--- DATASET ENTRIES ---

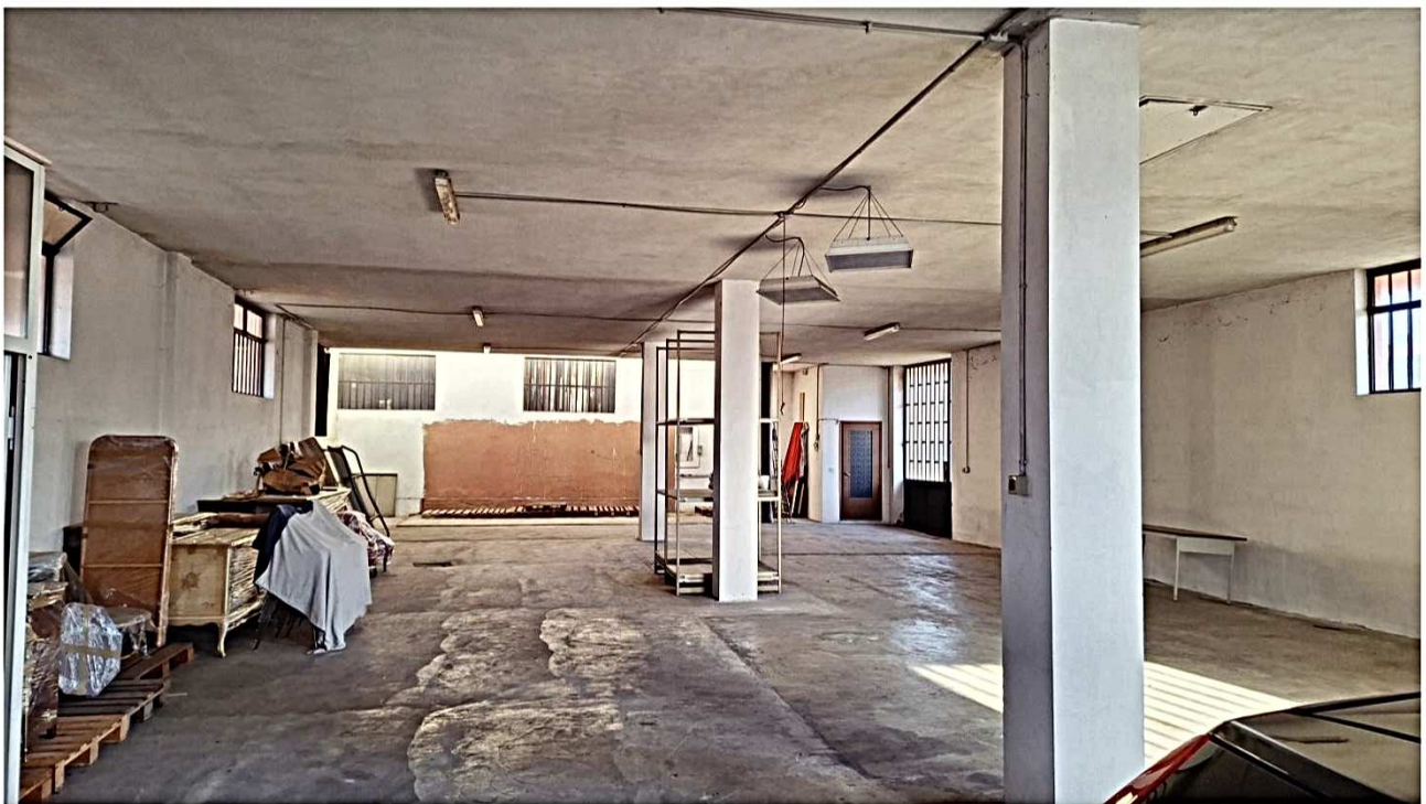
13) Vista interna direzione sud-nord
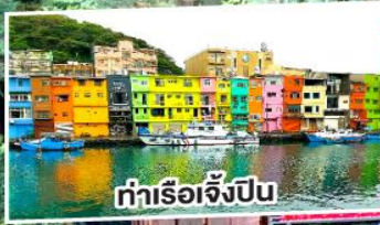
ท่าเรือเจี๋ยปิ่น
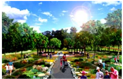
崗山之眼園區週邊環境整建(模擬圖)
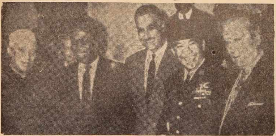
SESTANEK PETORICE: Od desne proti levi: predsedniki Tito, Sukarno, Naser in Nkrumah in premier Nehru

Dne 22. septembra je govoril na plenarni seji Generalne skupščine. Med svojim bivanjem v New Yorku je sprejel predstavnik jugoslovanskih izseljencev.
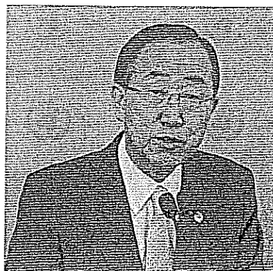
Le Secrétaire général de l'ONU, Ban Ki-moon

Le Secrétaire général « demande que les auteurs de cet acte lâche et haineux soient rapidement traduits en justice », ajoute le texte. Comme beaucoup de personnes à travers le monde, il a été « profondément touché par les courageux efforts déployés par Malala Yousufzai pour promouvoir le droit fondamental à l'éducation, enraciné dans la Déclaration universelle des Droits de l'Homme ».
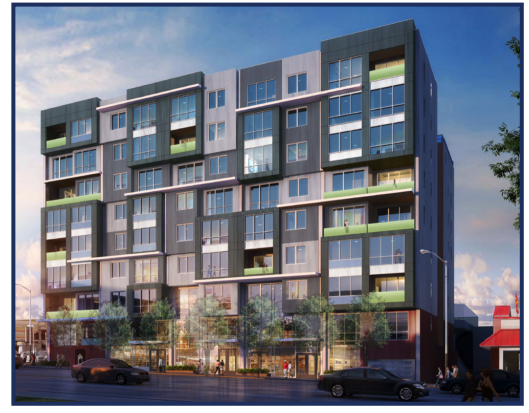
캘리포니아 샌프란시스코 포르테로 346번지에 위치할 미래 개발될 콘도미니엄의 보행자 눈높이 예상도

그룹 18 자금은 기존 현장 구조의 철거, 수평적 인프라 개선, 수직적 건설 및 시설의 주거 및 소매 영역의 완성 등을 포함하는 프로젝트의 건설활동에 직접 활용될 것입니다. 프로젝트의 필요한 완전한 허가 완료는 2013년 제 4분기로 예상되며, 건설의 완료는 2016년 제 2분기로 예정되어 있습니다. 포르테로 프로젝트의 총 건설 비용은 약 6천 5백만 달러입니다.
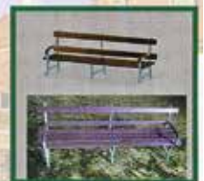
Parkbank nach historischem Vorbild am Schlosstetich

---

--- HOW TO COMPLETE THIS TASK ---
Would you return the material exactly, images excluded?

--- RESPONSE AREA ---
13) Vista interna direzione sud-nord
ท่าเรือเจี๋ยปิ่น
崗山之眼園區週邊環境整建(模擬圖)
SESTANEK PETORICE: Od desne proti levi: predsedniki Tito, Sukarno, Naser in Nkrumah in premier Nehru

Dne 22. septembra je govoril na plenarni seji Generalne skupščine. Med svojim bivanjem v New Yorku je sprejel predstavnik jugoslovanskih izseljencev.
Le Secrétaire général de l'ONU, Ban Ki-moon

Le Secrétaire général « demande que les auteurs de cet acte lâche et haineux soient rapidement traduits en justice », ajoute le texte. Comme beaucoup de personnes à travers le monde, il a été « profondément touché par les courageux efforts déployés par Malala Yousufzai pour promouvoir le droit fondamental à l'éducation, enraciné dans la Déclaration universelle des Droits de l'Homme ».
캘리포니아 샌프란시스코 포르테로 346번지에 위치할 미래 개발될 콘도미니엄의 보행자 눈높이 예상도

그룹 18 자금은 기존 현장 구조의 철거, 수평적 인프라 개선, 수직적 건설 및 시설의 주거 및 소매 영역의 완성 등을 포함하는 프로젝트의 건설활동에 직접 활용될 것입니다. 프로젝트의 필요한 완전한 허가 완료는 2013년 제 4분기로 예상되며, 건설의 완료는 2016년 제 2분기로 예정되어 있습니다. 포르테로 프로젝트의 총 건설 비용은 약 6천 5백만 달러입니다.
Parkbank nach historischem Vorbild am Schlosstetich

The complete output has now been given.